→ **What this task involves**:
Would you please copy the entries exactly, leaving every picture aside?

→ **Data listing**:
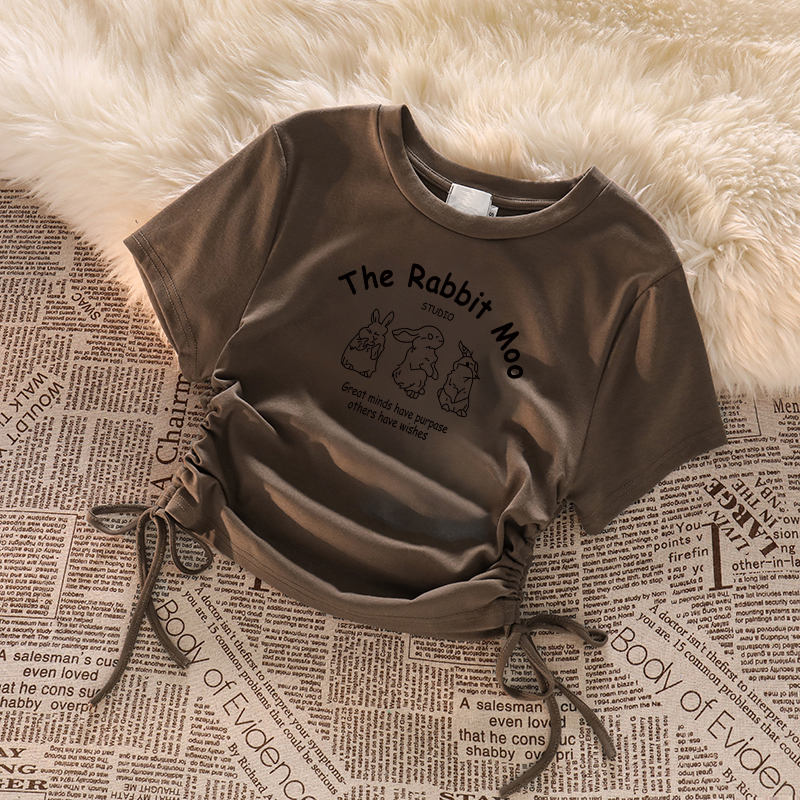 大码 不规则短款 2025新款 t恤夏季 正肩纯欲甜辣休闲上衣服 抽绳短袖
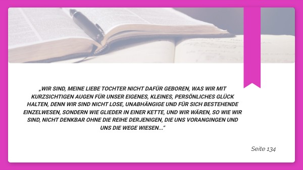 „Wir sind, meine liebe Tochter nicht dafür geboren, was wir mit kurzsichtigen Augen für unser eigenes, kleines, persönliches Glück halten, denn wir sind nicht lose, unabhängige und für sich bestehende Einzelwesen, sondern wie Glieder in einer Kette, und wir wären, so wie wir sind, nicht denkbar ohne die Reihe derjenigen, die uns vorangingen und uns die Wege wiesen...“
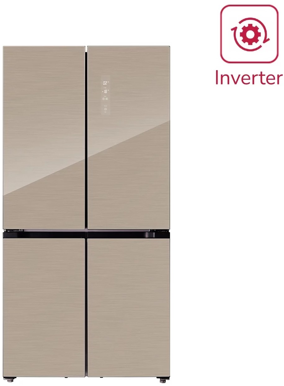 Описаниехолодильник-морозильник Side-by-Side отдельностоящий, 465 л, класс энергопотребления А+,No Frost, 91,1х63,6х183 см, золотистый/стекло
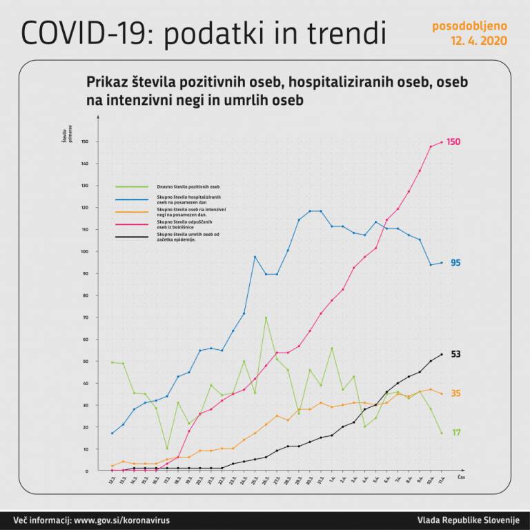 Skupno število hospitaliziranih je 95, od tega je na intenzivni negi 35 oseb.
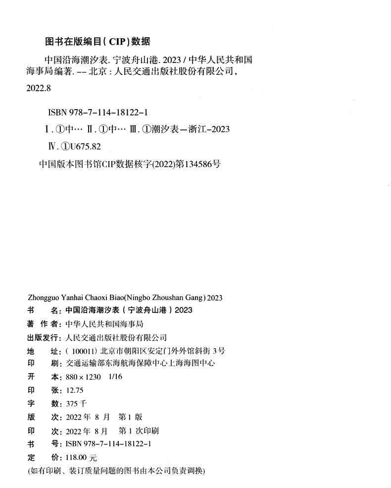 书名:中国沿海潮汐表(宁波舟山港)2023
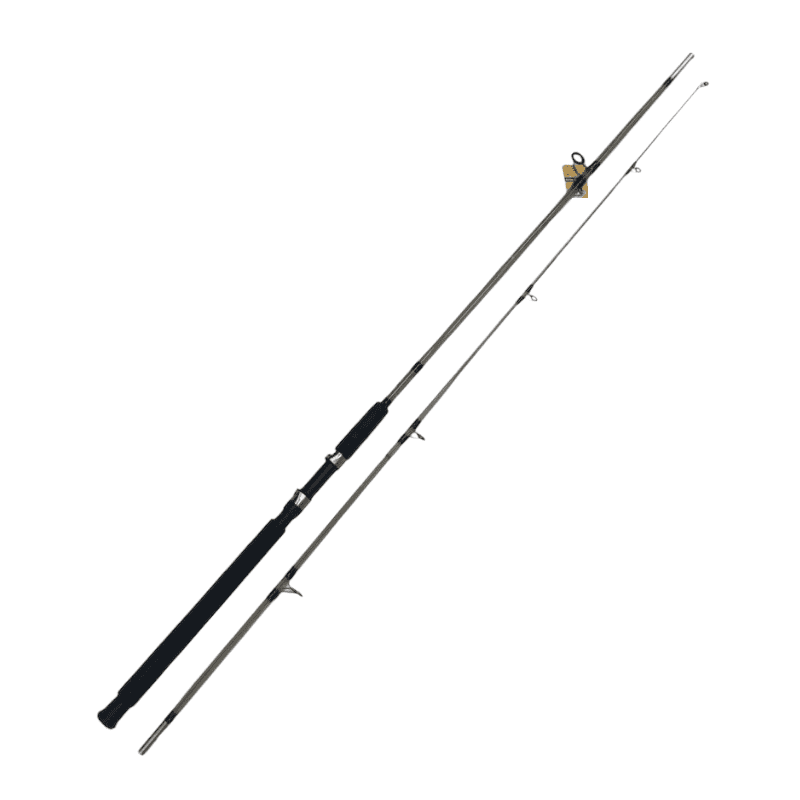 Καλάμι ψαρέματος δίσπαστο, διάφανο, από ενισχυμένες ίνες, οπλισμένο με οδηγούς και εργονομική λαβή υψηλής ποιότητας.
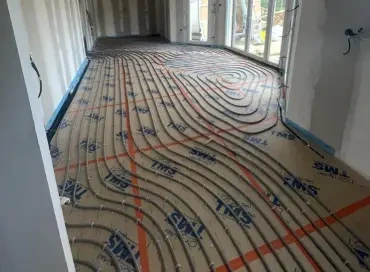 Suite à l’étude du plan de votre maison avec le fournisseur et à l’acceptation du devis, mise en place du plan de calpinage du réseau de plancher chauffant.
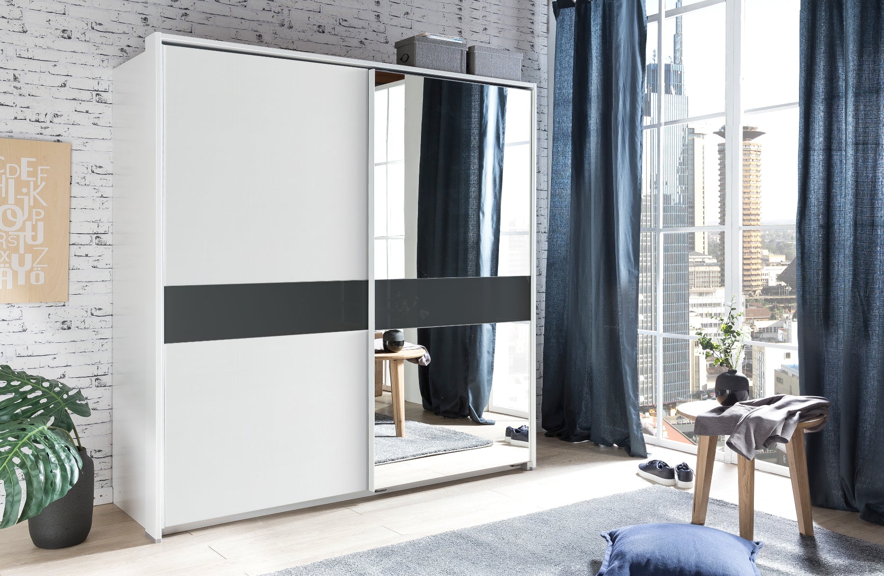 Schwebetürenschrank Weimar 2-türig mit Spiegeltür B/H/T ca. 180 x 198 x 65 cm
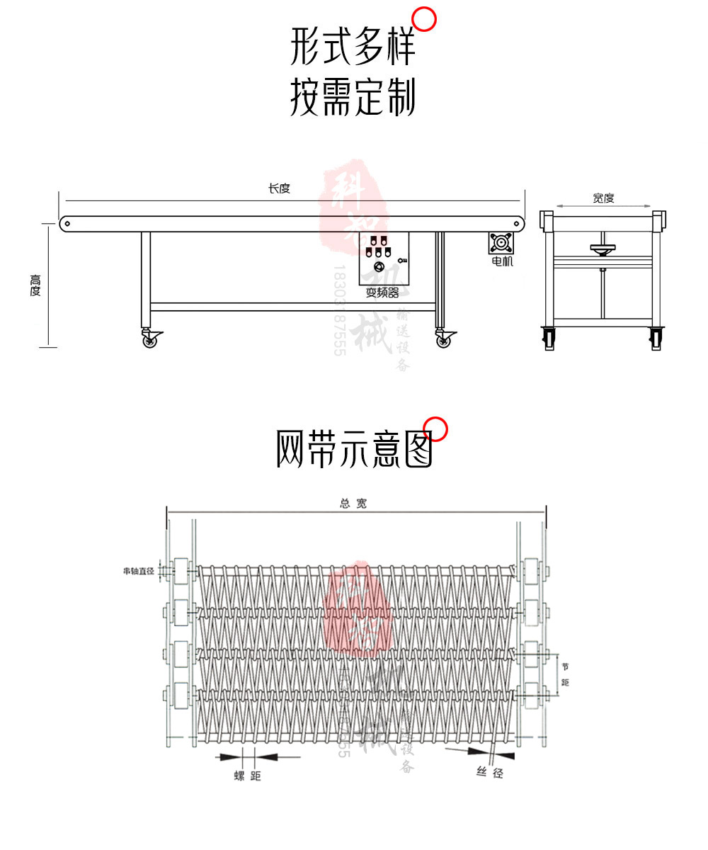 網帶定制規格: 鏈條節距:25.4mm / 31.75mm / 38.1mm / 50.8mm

→ **Exercise answer**:
 大码 不规则短款 2025新款 t恤夏季 正肩纯欲甜辣休闲上衣服 抽绳短袖
 „Wir sind, meine liebe Tochter nicht dafür geboren, was wir mit kurzsichtigen Augen für unser eigenes, kleines, persönliches Glück halten, denn wir sind nicht lose, unabhängige und für sich bestehende Einzelwesen, sondern wie Glieder in einer Kette, und wir wären, so wie wir sind, nicht denkbar ohne die Reihe derjenigen, die uns vorangingen und uns die Wege wiesen...“
 Описаниехолодильник-морозильник Side-by-Side отдельностоящий, 465 л, класс энергопотребления А+,No Frost, 91,1х63,6х183 см, золотистый/стекло
 Skupno število hospitaliziranih je 95, od tega je na intenzivni negi 35 oseb.
 书名:中国沿海潮汐表(宁波舟山港)2023
 Καλάμι ψαρέματος δίσπαστο, διάφανο, από ενισχυμένες ίνες, οπλισμένο με οδηγούς και εργονομική λαβή υψηλής ποιότητας.
 Suite à l’étude du plan de votre maison avec le fournisseur et à l’acceptation du devis, mise en place du plan de calpinage du réseau de plancher chauffant.
 Schwebetürenschrank Weimar 2-türig mit Spiegeltür B/H/T ca. 180 x 198 x 65 cm
 網帶定制規格: 鏈條節距:25.4mm / 31.75mm / 38.1mm / 50.8mm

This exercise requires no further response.